Generating all possible combinations from a List[List[Int]] in Scala
Here's a recursive solution:
def generator(x: List[List[Int]]): List[List[Int]] = x match {
case Nil => List(Nil)
case h :: _ => h.flatMap(i => generator(x.tail).map(i :: _))
}
which produces:
val a = List(List(1, 2, 3), List(4, 5))
val b = List(List(1, 2, 3), List(4, 5), List(6, 7))
generator(a) //> List(List(1, 4), List(1, 5), List(2, 4),
//| List(2, 5), List(3, 4), List(3, 5))
generator(b) //> List(List(1, 4, 6), List(1, 4, 7), List(1, 5, 6),
//| List(1, 5, 7), List(2, 4, 6), List(2, 4, 7),
//| List(2, 5, 6), List(2, 5, 7), Listt(3, 4, 6),
//| List(3, 4, 7), List(3, 5, 6), List(3, 5, 7))

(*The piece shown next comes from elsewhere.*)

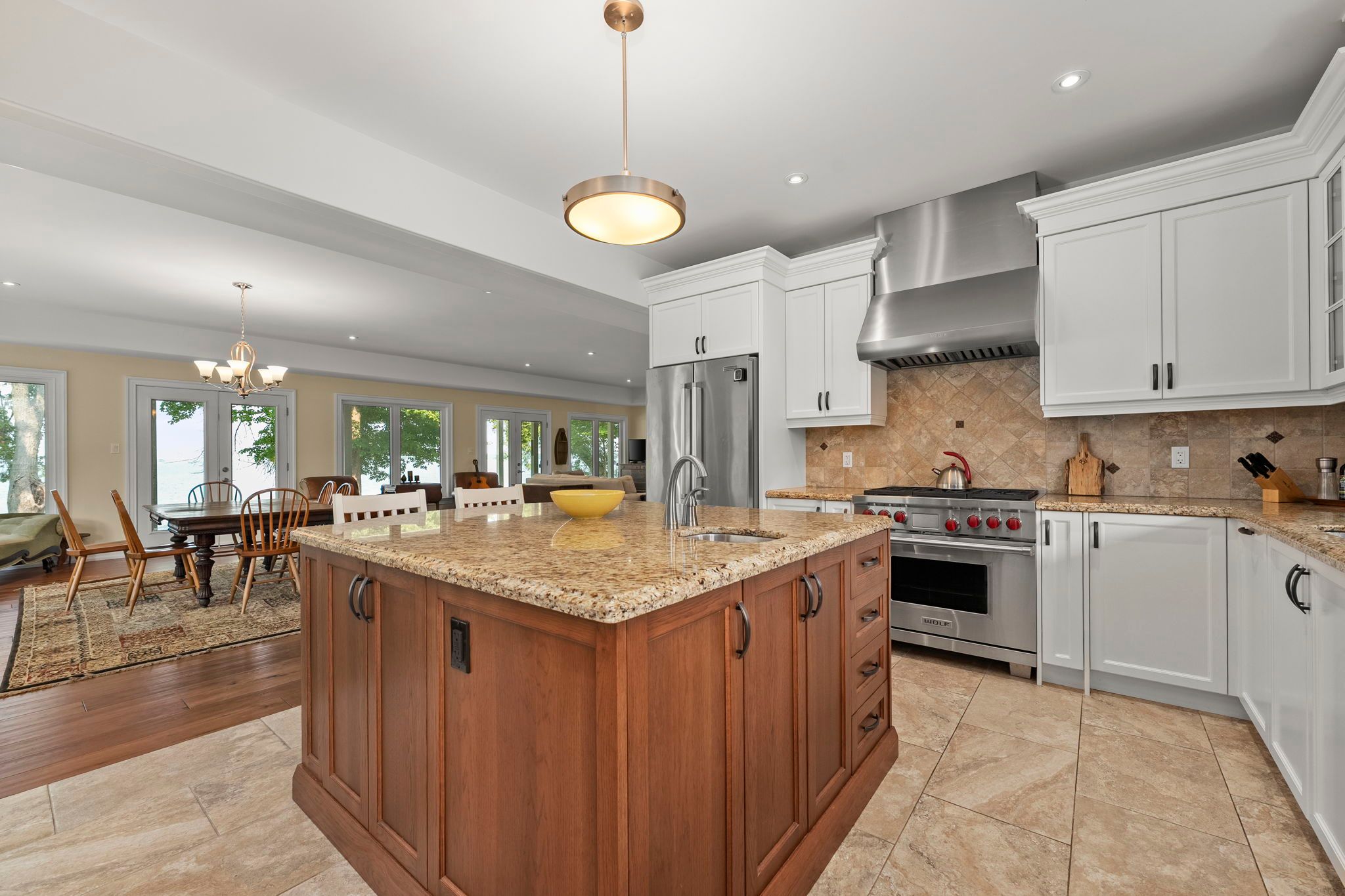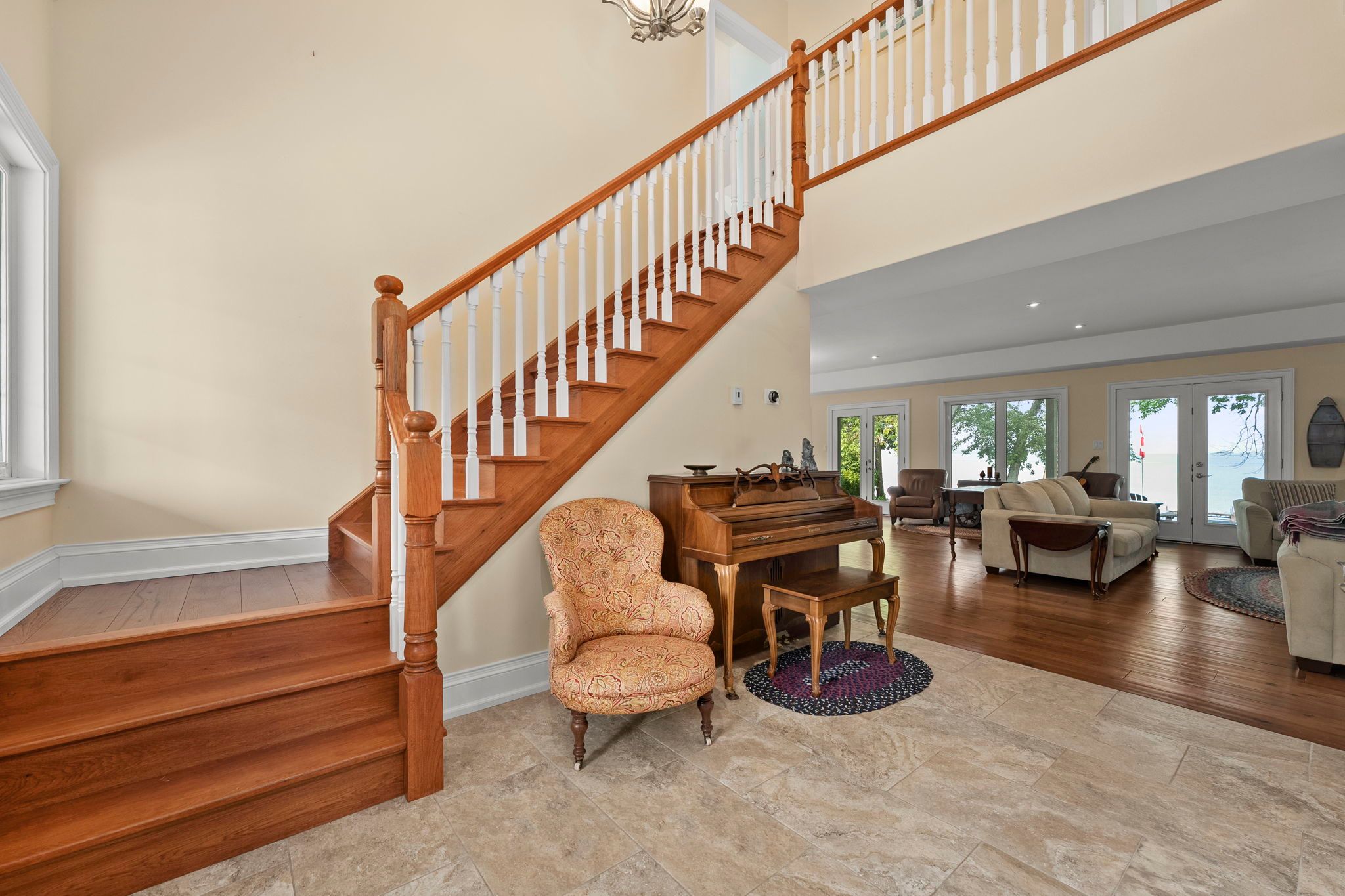 Subtype DetachedIndoor Features Auto Garage Door Remote, Built-In Oven, Generator - Full, Primary Bedroom - Main Floor, Sump Pump, Water Softener, Ventilation System, Water Heater Owned, Water TreatmentOutdoor Features Deck, Landscaped, Porch, Patio, Year Round Living, Privacy, FishingAmenities Beach, Golf, Lake Access, Marina, School, WaterfrontOwnership FreeholdViews Lake, Water, Clear, PanoramicWaterfront DirectBasement UnfinishedFoundation Poured ConcreteHeating / Cooling Forced AirHeating Fuel GasSewer Septic

Update: the second case can also be written as a for comprehension, which may be a little clearer:
def generator2(x: List[List[Int]]): List[List[Int]] = x match {
case Nil => List(Nil)
case h :: t => for (j <- generator2(t); i <- h) yield i :: j
}
Update 2: for larger datasets, if you run out of memory, you can use Streams instead (if it makes sense to process the results incrementally). For example:
def generator(x: Stream[Stream[Int]]): Stream[Stream[Int]] =
if (x.isEmpty) Stream(Stream.empty)
else x.head.flatMap(i => generator(x.tail).map(i #:: _))
// NB pass in the data as Stream of Streams, not List of Lists
generator(input).take(3).foreach(x => println(x.toList))
>List(0, 0, 0, 0, 0, 0, 0)
>List(0, 0, 0, 0, 0, 200, 0)
>List(0, 0, 0, 0, 100, 0, 0)
Feels like your problem can be described in terms of recursion:
If you have n lists of int: list1 of size m and list2, ... list n
- generate the X combinations for list2 to n (so n-1 lists)
- for each combination, you generate m new ones for each value of list1.
- the base case is a list of one list of int, you just split all the elements in singleton lists.
so with List(List(1,2), List(3), List(4, 5)) the result of your recursive call is List(List(3,4),List(3,5)) and for each you add 2 combinations: List(1,3,4), List(2,3,4), List(1,3,5), List(2,3,5).